(AVAILABLE DATA)
---

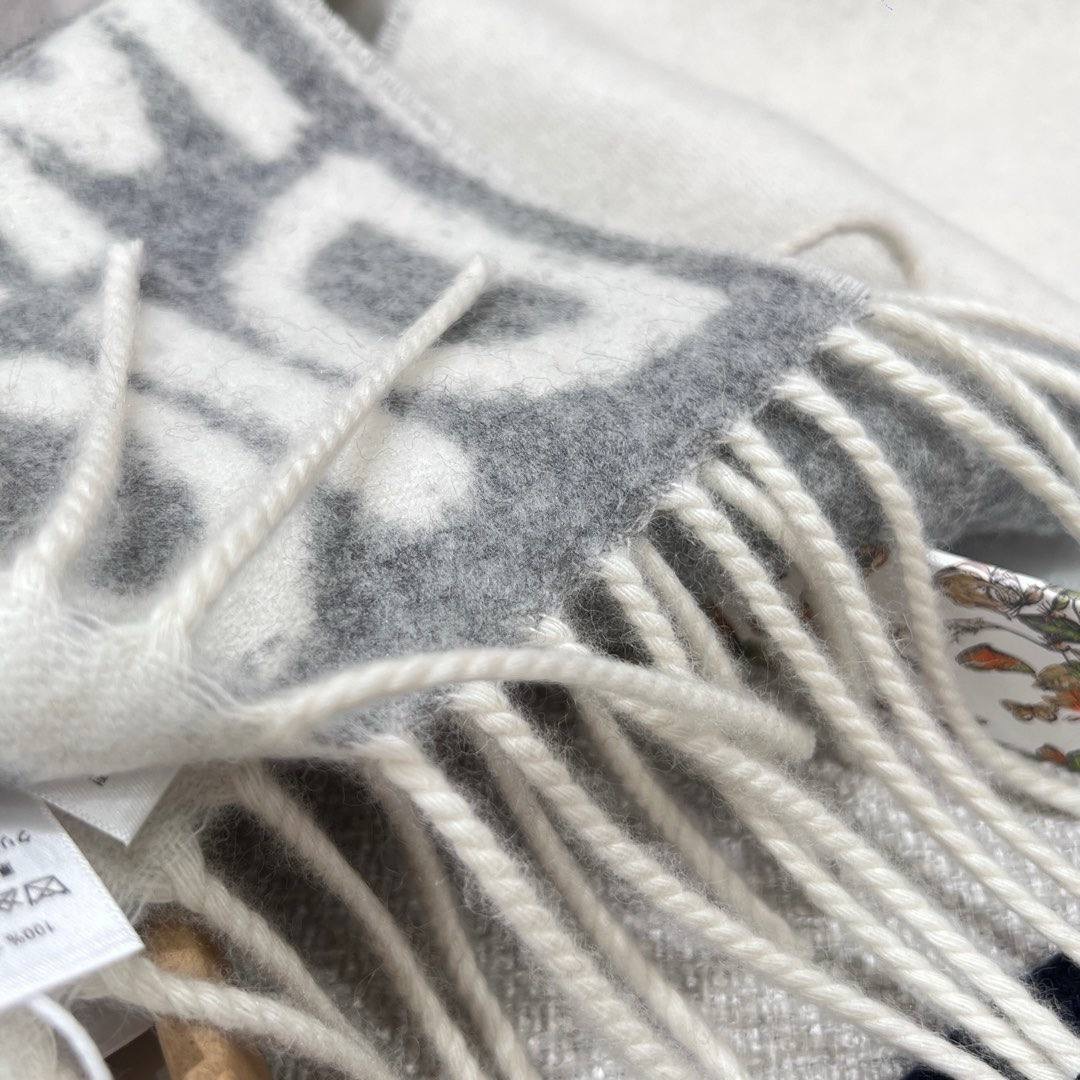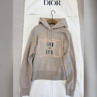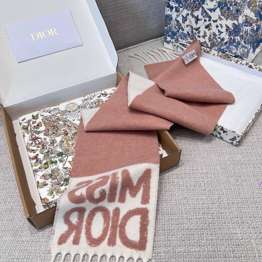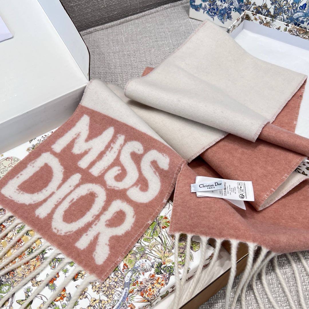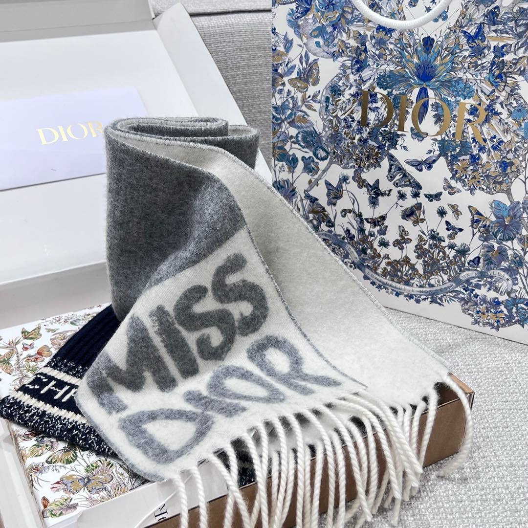 Шапка украшена контрастными полосками, подчеркивающими надпись «Christian Dior» заглавными буквами, а шарф— подписью Miss Dior graffiti и длинной бахромой.
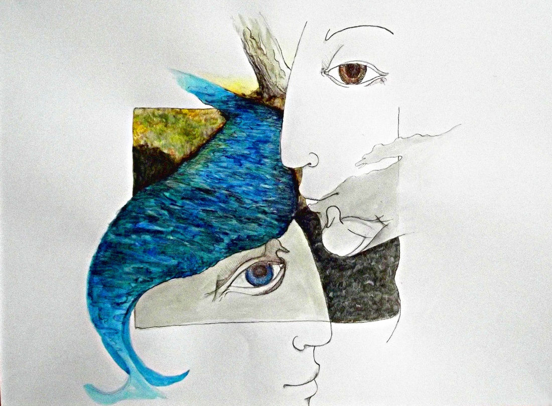 technika mieszana, inspiracja zdjęciem Jerzego Wolińskiego "rzeczka Kłodawka" :)
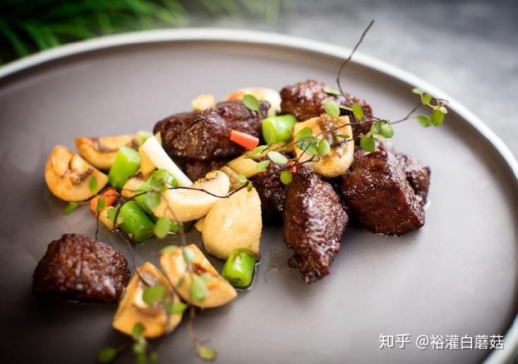 斋烧口蘑腰花19、籽香鲜蘑牛柳粒
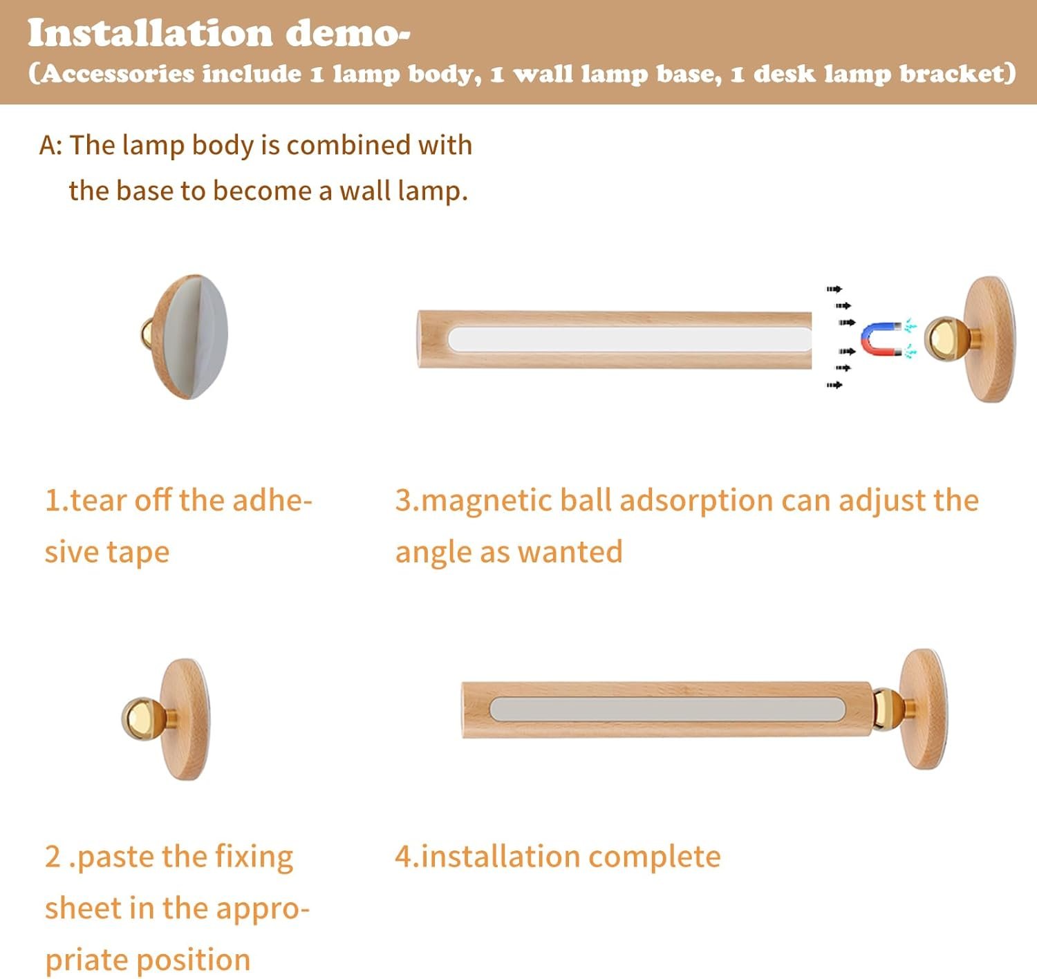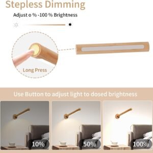 Rotación de 360° y portátil: el diseño con un fuerte soporte magnético giratorio hace que las luces de pared recargables giren suavemente 360° para ajustar cualquier ángulo de la luz y fijar firmemente el ángulo. Barra de luz portátil, por lo que también puedes llevarla contigo donde quiera que vayas. Batería recargable de gran capacidad: nuestra barra de luz magnética de escritorio cuenta con un diseño inalámbrico con una batería recargable integrada de 1000 mAh que tarda de 3 a 4 horas en cargarse completamente. Es con barra adhesiva de 9.8 ft y la instalación se completa en 1s. Después de la carga completa puede durar hasta casi 3-30 horas (según el nivel de brillo establecido). Regulable continuamente: nuestros apliques decorativos de pared controlados por un interruptor táctil, mantén presionado para una atenuación continua del 10% al 100%. Te permite personalizarlo de acuerdo a tus preferencias. Se puede utilizar en cualquier habitación como dormitorio, estudio, sala de estar, habitación de los niños en tu apartamento como luz de lectura, luz nocturna. Relámpagos multifunción Con su diseño de barra adhesiva, esta luz de aplique se puede colocar sin esfuerzo en cualquier lugar donde desees. Y puedes llevarlo a cualquier lugar que quieras decorar. Sirve como una opción de iluminación multiusos, funciona como lámpara de mesa, lámpara de pared para interiores o linterna portátil. Ampliamente utilizado: es ampliamente utilizado en armarios, salas de estar, dormitorios, escaleras y pasillos como luz de lectura, barra de luz para escritorio, luces de escritorio para oficina en casa, luz magnética. Muy adecuado para Navidad, Acción de Gracias, para tus padres, hijos, amigos, hombres, mujeres y niños.

---

Would you reproduce the lines above, from the very first through the line containing "斋烧口蘑腰花19、籽香鲜蘑牛柳粒", exactly and without the pictures?

 Шапка украшена контрастными полосками, подчеркивающими надпись «Christian Dior» заглавными буквами, а шарф— подписью Miss Dior graffiti и длинной бахромой.
 technika mieszana, inspiracja zdjęciem Jerzego Wolińskiego "rzeczka Kłodawka" :)
 斋烧口蘑腰花19、籽香鲜蘑牛柳粒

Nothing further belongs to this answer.